**Problem statement:**
With no images included, output each entry below exactly as it appears.
** Supplied entries follows **
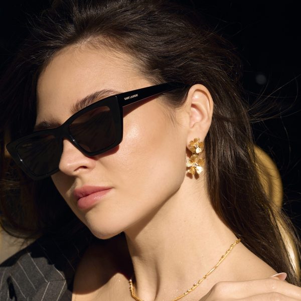 Brincos dourados ramo de folhas e flores (Silvela collection)
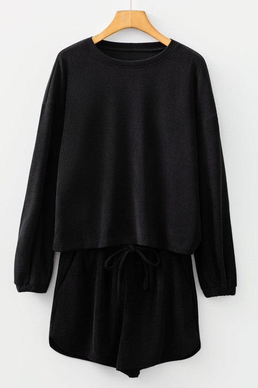 Effortless style meets cozy comfort with this dark brown two-piece set. The textured knit fabric feels as good as it looks—soft, breathable, and built to last. Oversized drop shoulders and a relaxed silhouette on the pullover give you that perfectly laid-back vibe, while the matching drawstring shorts complete the casual-cool ensemble. Perfect for lounging, running errands, or just vibing in style. Polyester/Spandex
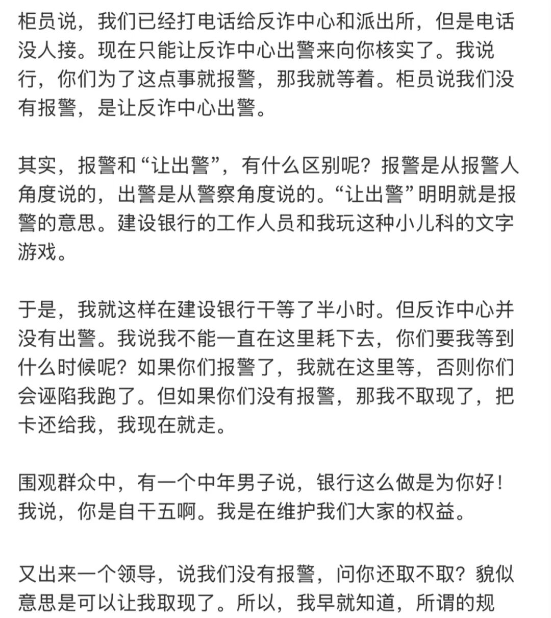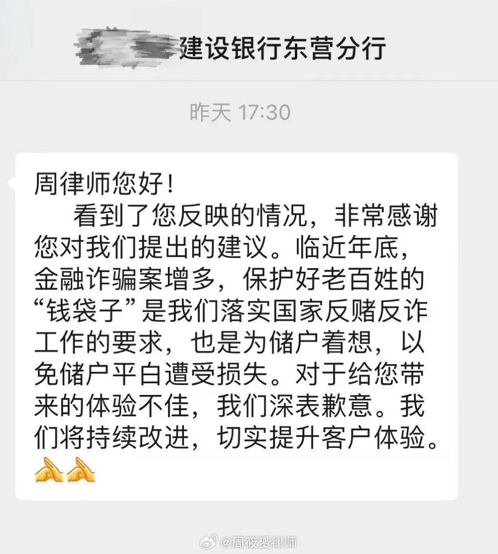 11月初,知名律师周筱赟准备在建设银行山东东营东城支行取4万元现金,却遭柜员盘问用途、被要求与反诈中心核实、甚至据称被“出警”,引发舆论热议。
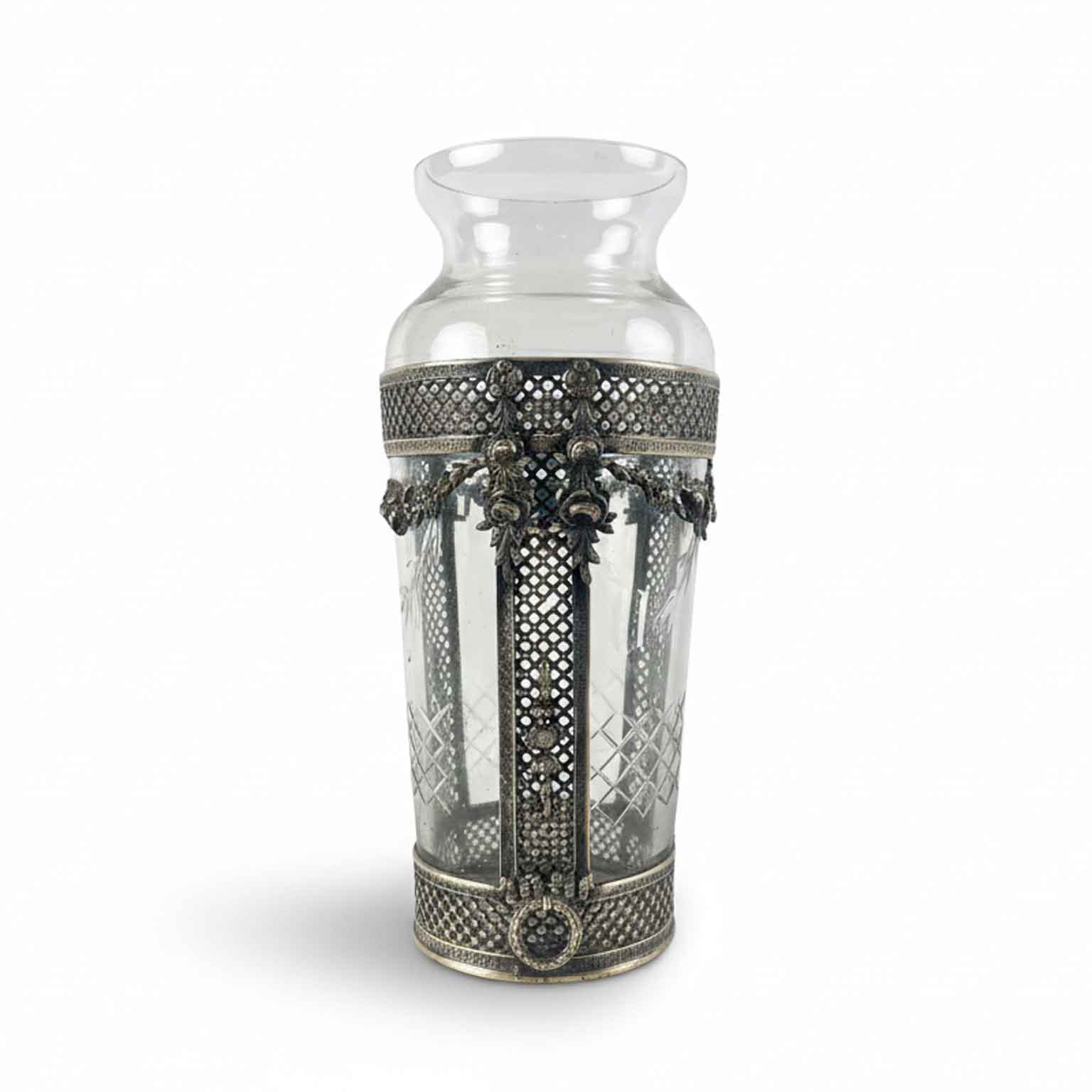 Vaso Da Fiori In Cristallo Molato Con Decorazioni In Metallo Argentato 1920 Circa in ottimo stato di conservazione, prico di sbeccature o filature. Il vaso ha delle molature geometriche incrociate alla base nella parte bassa e delle ghirlande di foglie e fiori nella parte alta ed è decorato a sua volta da dei nastri traforati e sbalzati con ghirlande di alloro e festoni di fiori e frutta. Di provenienza italiana dei primi decenni del 1900.
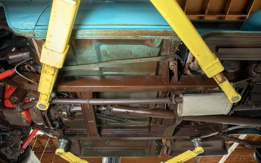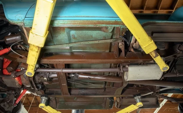 The undercarriage looks nearly immaculate, and the painted floorpans seem to indicate that the turquoise paint is original, although I can’t find it on any period paint chips.
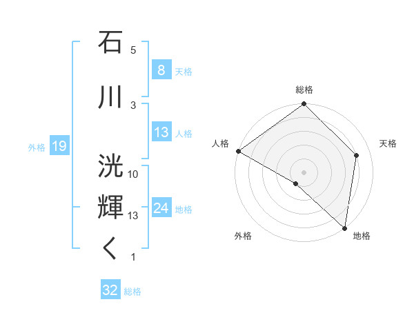 石川 洸輝くさんを姓名の画数から五運を鑑定
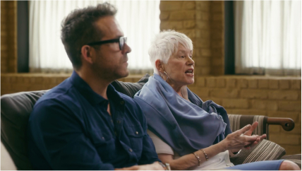 Ryan Reynolds smiling with his mother during an interview
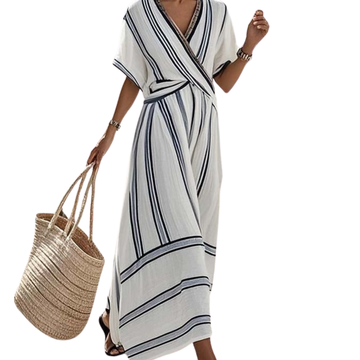 The Amelia dress captures the essence of a sun-drenched vacation with a refreshing design that radiates both luxury and freedom. The flowing fit and lightweight material ensure an effortless transition from a relaxed afternoon by the coast to an atmospheric dinner at sunset.
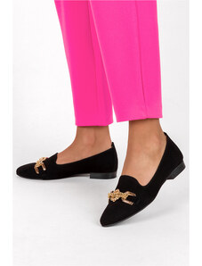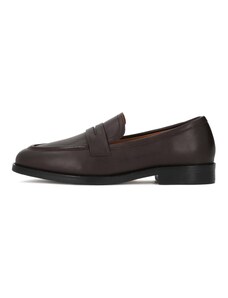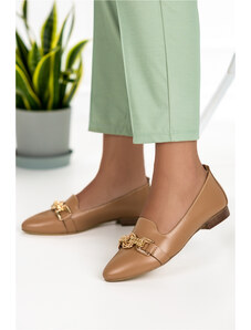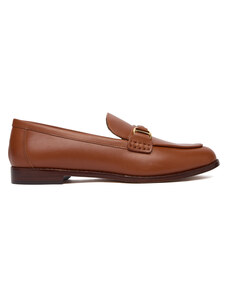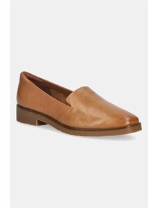 Brązowe mokasyny skórzane damskie półbuty płaskie z ozdobnym kwiatem na cholewce PRODUKT POLSKI Casu 8105
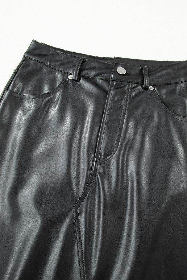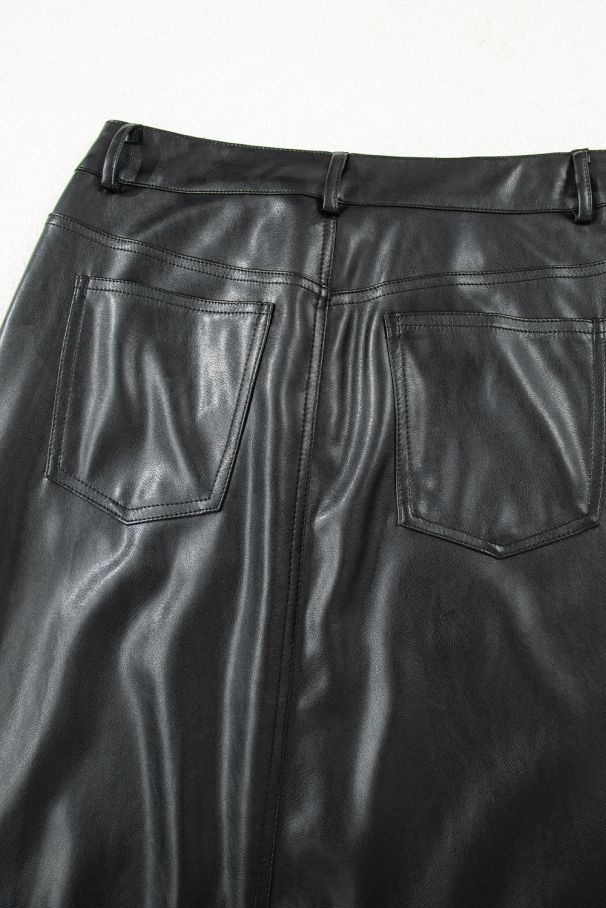 Дамска дълга черна пола от еко кожа с цепка отстрани
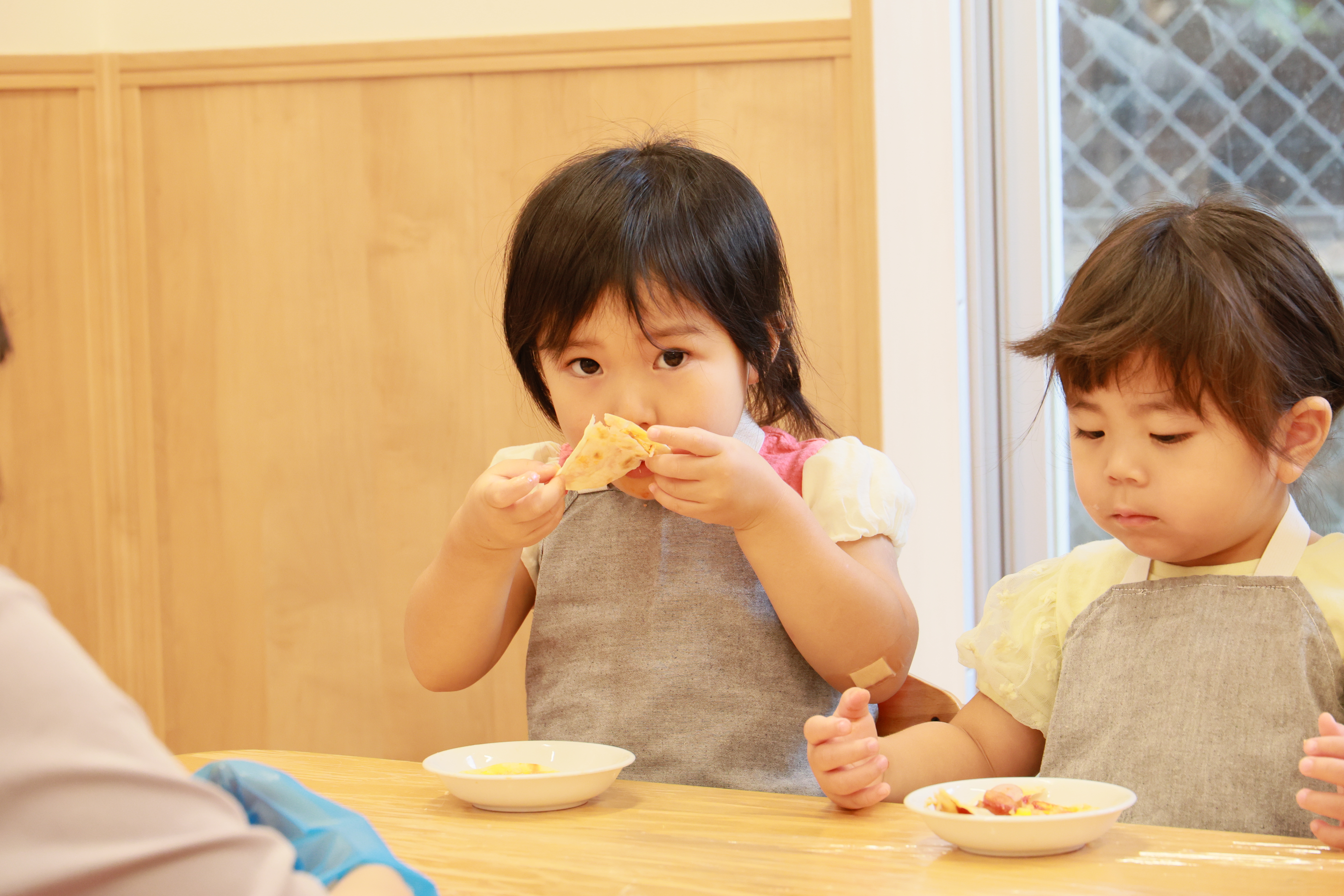みんなで「いただきます」をして自分たちで作ったピザを食べました。「おいしい!」や「チーズとろとろだね」と自分で作ったピザをおいしそうに食べていました
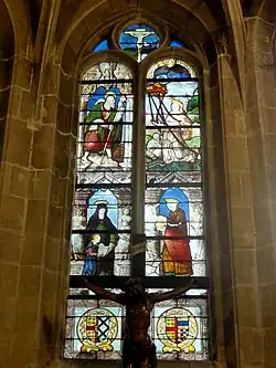 Im Maßwerk ist die Kreuzigung Christi dargestellt. Am unteren Rand sind die Wappen des Stifterehepaars, François de Montmorency und Catherine de Humières, zu sehen.
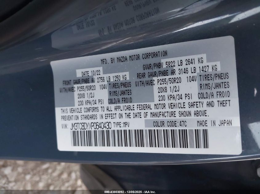 2023 MAZDA CX-9 2023 року Бензин, 2.5, Полный привод, vin - JM3TCBDYXP0640430 из США
** End of Supplied entries **
**Output for this task:**
 Brincos dourados ramo de folhas e flores (Silvela collection)
 Effortless style meets cozy comfort with this dark brown two-piece set. The textured knit fabric feels as good as it looks—soft, breathable, and built to last. Oversized drop shoulders and a relaxed silhouette on the pullover give you that perfectly laid-back vibe, while the matching drawstring shorts complete the casual-cool ensemble. Perfect for lounging, running errands, or just vibing in style. Polyester/Spandex
 11月初,知名律师周筱赟准备在建设银行山东东营东城支行取4万元现金,却遭柜员盘问用途、被要求与反诈中心核实、甚至据称被“出警”,引发舆论热议。
 Vaso Da Fiori In Cristallo Molato Con Decorazioni In Metallo Argentato 1920 Circa in ottimo stato di conservazione, prico di sbeccature o filature. Il vaso ha delle molature geometriche incrociate alla base nella parte bassa e delle ghirlande di foglie e fiori nella parte alta ed è decorato a sua volta da dei nastri traforati e sbalzati con ghirlande di alloro e festoni di fiori e frutta. Di provenienza italiana dei primi decenni del 1900.
 The undercarriage looks nearly immaculate, and the painted floorpans seem to indicate that the turquoise paint is original, although I can’t find it on any period paint chips.
 石川 洸輝くさんを姓名の画数から五運を鑑定
 Ryan Reynolds smiling with his mother during an interview
 The Amelia dress captures the essence of a sun-drenched vacation with a refreshing design that radiates both luxury and freedom. The flowing fit and lightweight material ensure an effortless transition from a relaxed afternoon by the coast to an atmospheric dinner at sunset.
 Brązowe mokasyny skórzane damskie półbuty płaskie z ozdobnym kwiatem na cholewce PRODUKT POLSKI Casu 8105
 Дамска дълга черна пола от еко кожа с цепка отстрани
みんなで「いただきます」をして自分たちで作ったピザを食べました。「おいしい!」や「チーズとろとろだね」と自分で作ったピザをおいしそうに食べていました
 Im Maßwerk ist die Kreuzigung Christi dargestellt. Am unteren Rand sind die Wappen des Stifterehepaars, François de Montmorency und Catherine de Humières, zu sehen.
 2023 MAZDA CX-9 2023 року Бензин, 2.5, Полный привод, vin - JM3TCBDYXP0640430 из США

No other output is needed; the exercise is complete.